In the immensity of the city, Pirius tried to keep his bearings. The whole of human society was like a great machine, so he had always been taught, a machine unified and dedicated to a single goal: the war with the Xeelee. The people around him, absorbed in their important and baffling bits of business, might seem strange, but they were parts of the greater machine too. He mustn’t look down on them: they were warriors in their way, just as he was, as was every human being.

But he thought of Nilis’s extraordinary ambition of ending this war. Perhaps he, Pirius, a mere ensign, would play a part in a revolution that would transform the lives of every human in the Galaxy — including every one of the confident, jostling crowd around him. In that case he had nothing to fear. Indeed, these people of Earth should fear him.

It was a deliciously non-Doctrinal thought. He always had wanted to be remembered.

“Ah, here we are,” said Nilis.

They stopped before another dome, as grand and busy as the rest. Nilis led them out of the glare of day into an antechamber. Much of this dome had been left open; there were partitions and internal walkways, but once inside you could look up and see the great rough sweep of the old Qax architecture itself.

They were subjected to a ferocious security check. Bots clambered over them, their identities were verified, they were scanned for implants, given quick-fire tests for loyalty and mental stability, and subjected to many other examinations whose nature Pirius couldn’t even recognize. Most of this was performed by automated systems, but a single human guard was there to overview the process, a blue-helmeted woman from the Bureau of Guardians. Nilis endured it silently, and Pirius and Torec followed his lead.

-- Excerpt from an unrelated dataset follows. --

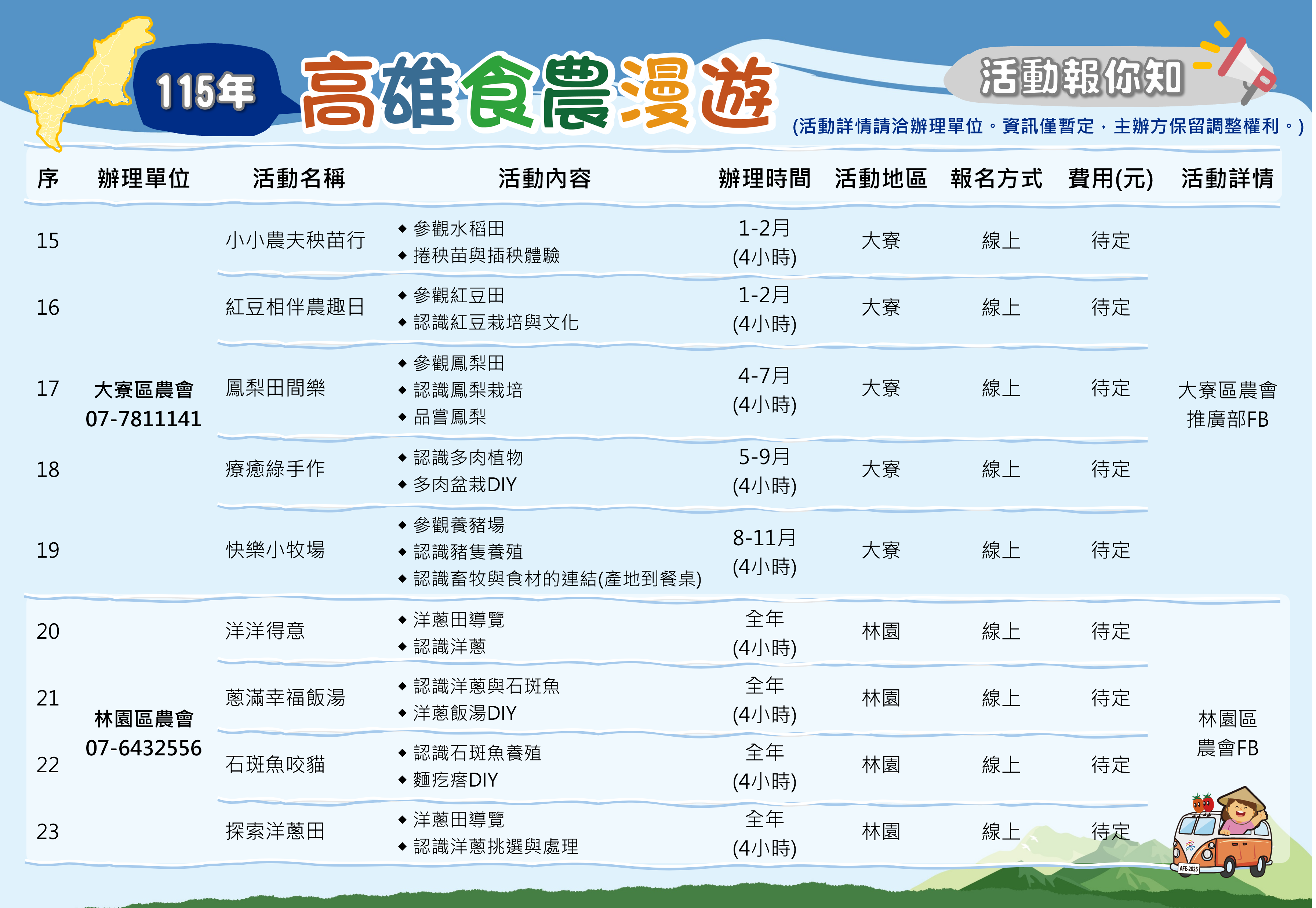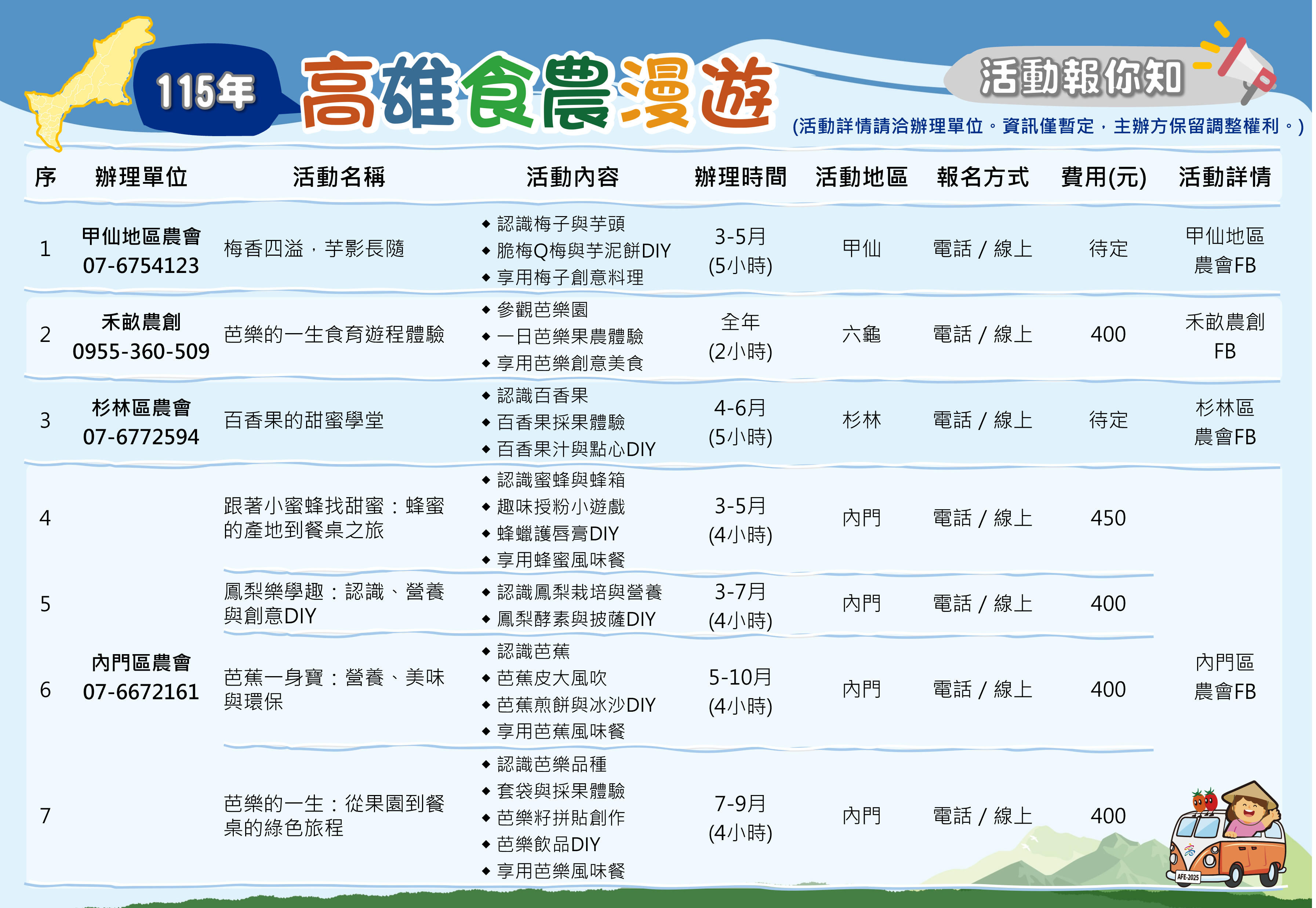 想來點寓教於樂的小旅行嗎? 快來看看明(115)年高雄各地將推出的食農教育體驗活動有哪些吧!一起探索在地農業魅力!

At last they were released. A small Virtual marker materialized before them and floated off. It led them to a roofless office, deep in the heart of the dome, with a long conference table and a nano-food niche. With a sigh, Nilis ordered hot tea.

“And now we wait,” he said to the ensigns. “We’re on time, but Gramm won’t be. It’s all part of the game of power, you know…”

This dome belonged to Gramm’s Ministry of Economic Warfare, he told them. Aside from its specifically military arms, like the Navy and the Green Army and the Guardians, mankind’s police force, and agencies with cultural goals such as the Commission for Historical Truth and the Ministry of Public Enlightenment, the three greatest Ministries at the heart of the Interim Coalition of Governance were the Ministry of Economic Warfare, the Ministry of Supply, and the Ministry of Production.

Nilis chattered on, “Even though they all report in to a single Grand Conclave member — Philia Doon, the Plenipotentiary for Total War — to get anything done you have to deal with all three. Even Minister Gramm can’t deliver anything by himself. But Economic Warfare’s aim is to ensure the dedication of all mankind’s resources to the great goal. To some extent it acts as an intermediary between the other two. And that gives Gramm some leverage. He can be a difficult man, but I couldn’t ask for a more useful ally… Ah, Minister!”

Minister Gramm came bustling into the room. Even by the standards of Earth, Pirius thought, he was stupendously fat; his great belly pushed out his gray cloak so that it hung over his legs, and his fingers, clasped before his stomach, were tubes of pasty flesh. His scalp was shaven and his cheeks heavy, so that his head was like a round moon.

He brought two people with him, both women. The first he briskly introduced as Pila, a senior advisor, whom Nilis had evidently met before. Golden-haired, she was slim, beautiful, expensively dressed, and oddly detached, as if all this was somehow beneath her. She showed no interest in the ensigns.